A: The same rules apply; just adjust the electron count. Here's one way to look at it: O²⁻ has ten electrons, so its 2p subshell ends up fully paired (↑↓ ↑↓ ↑↓), which does violate Hund’s rule—but that’s okay because the ion’s ground state has a filled subshell, not a partially filled one.
Q4: How do I know when a diagram is for an excited state?
A: Excited‑state diagrams are usually labeled (e.g., “*” or “excited”). If you’re just sketching a ground‑state configuration, any Hund violation signals an error That's the part that actually makes a difference..
Q5: Why do textbooks sometimes show Hund‑violating diagrams?

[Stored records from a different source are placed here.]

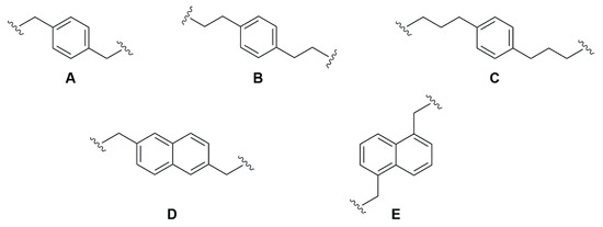 Attending the general structure 8, a total of five symmetrical spacers (A–E) was considered, including dialkyl disubstituted phenyl or naphthyl rings, taking into account the previous experience of our research group [13,14,15] (Figure 8).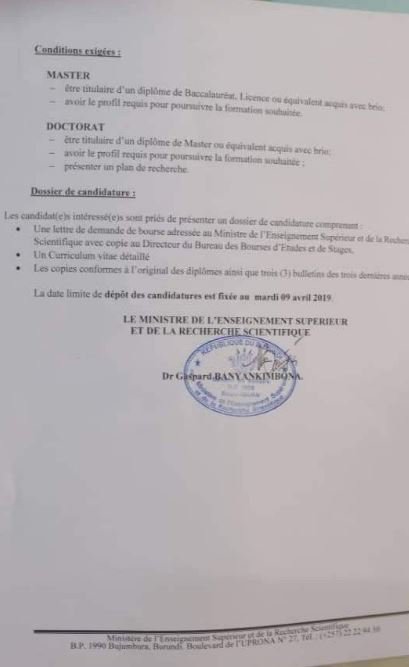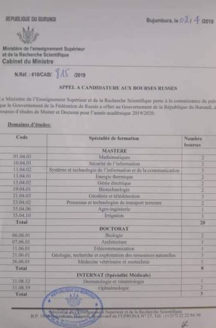 ÉDUCATION, DIPLOMATIE – BUJUMBURA, 2/04/2019 – M. Gaspard Banyankimbona, Ministre burundais de l’Enseignement Supérieur, a annoncé que la gouvernement de la fédération de Russie offrait au Burundi 20 bourses en master, 8 pour des doctorats et 3 pour des résidences en spécialités médicales. Les dépôts de candidature sont fixés au mardi 9 avril 2019.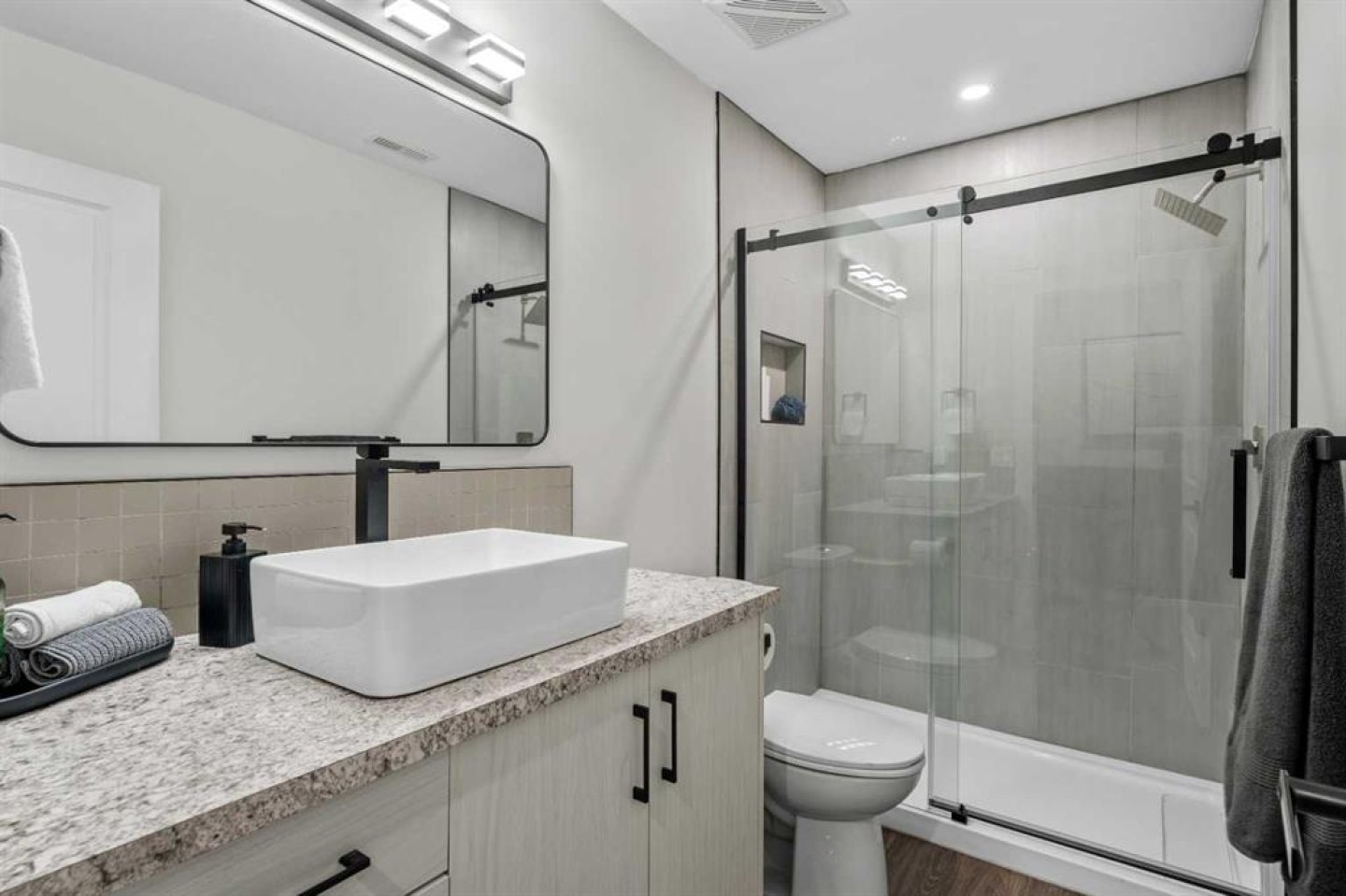 Welcome to this FULLY RENOVATED residence in the heart of Chaparral, offering LAKE ACCESS on a quiet private street. Thoughtfully redesigned with premium finishes, designer selections, and expert craftsmanship, this home delivers both luxury and everyday functionality. Step inside to a bright, open main level featuring a spacious family and dining area, complemented by a convenient half bath. The heart of the home is the chef’s kitchen, impeccably appointed with a large double door refrigerator, built-in ovens and microwave, an oversized island, ceiling height cabinetry, and abundant storage. A walk-in pantry with finished shelving and an additional bar fridge enhances convenience, while a dedicated coffee bar with another bar fridge adds a refined touch. The kitchen opens seamlessly to a second living area showcasing a striking brick feature wall that frames the cozy gas fireplace. Upstairs, enjoy a generous bonus room and four well-appointed bedrooms. The primary retreat is designed to impress with a spa-inspired ensuite featuring a deep soaker tub, glass walk-in shower, sink with a private toilet area, and a spacious walk-in closet. The fully finished basement expands your living space with an additional bedroom, a beautiful full bathroom, and a large recreation room complete with a dry bar and fridge—perfect for entertaining. Extensive built-in shelving provides exceptional storage for all your belongings. Outdoor living is equally impressive. Through glass French doors, step onto a deck and concrete patio equipped with a BBQ gas line, pergola, gazebo, and storage shed—ideal for summer gatherings and relaxing evenings. Additional highlights include a stylish mudroom accessed through a beautiful barn door off the garage, featuring built-in storage and coat hooks, air conditioning, central vacuum, and a water softener. This is a rare opportunity to own a meticulously renovated home with lake privileges in one of Calgary’s most sought-after communities. A true turnkey property that must be seen to be appreciated. Don't miss out on this great opportunity, and book your showing today!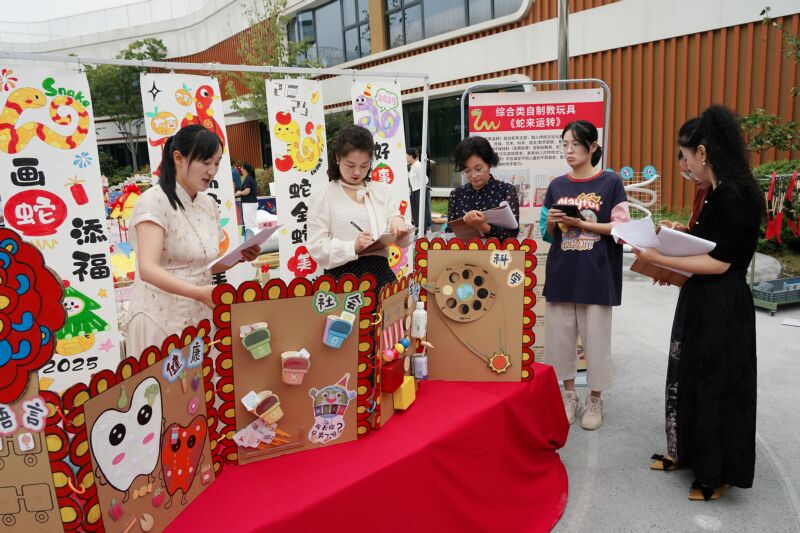 近日,2025年淮南市幼兒園優秀自制玩教具展評活動現場賽在淮南高新區中心幼兒園杜鵑路總園舉行。本次活動由市教育體育局裝備中心主辦,200余名教師帶著83件參評作品齊聚一堂,涵蓋綜合類、運動類、益智類、科學類、建構類、藝術類六大類別。教師們利用日常生活中的常見材料,精心制作出一件件新穎獨特、玩法多樣、美觀實用的教玩具作品,充分展現了幼兒教師的創新智慧與教育匠心。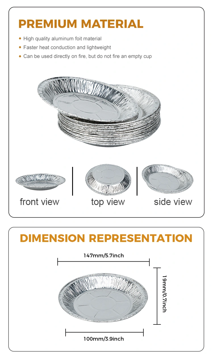 Caracteristici: Recipient alimentar cu folie de aluminiu din argint rotund copt din aluminiu de argint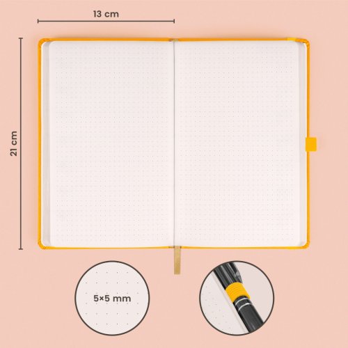 Praktický a ľahký bodkovaný notes v trendy žltej farbe má povrch s jemnou štruktúrou, na ktorý si môžete nechať vyraziť logo spoločnosti. Notes má pevnú knižnú väzbu a zaguľatené rohy, pútko na ceruzku, elastickú gumičku a textilnú záložku. Bodky majú 5 mm a sú na kvalitnom žltom papieri.

A: Rarely, but it can happen in examples meant to illustrate what not to do or to discuss excited configurations. The caption should make that clear—if it doesn’t, it’s probably a typo.
So, you’ve seen the pattern: most “which rule is violated?” questions point straight at Hund’s rule. The mistake is easy to make, hard to spot, and surprisingly impactful. Now, next time you pull out a pen and start filling boxes, remember the three‑step checklist: spread, align spins, then pair. Your orbital diagrams will stay honest, and the chemistry that follows will make a lot more sense. Happy sketching!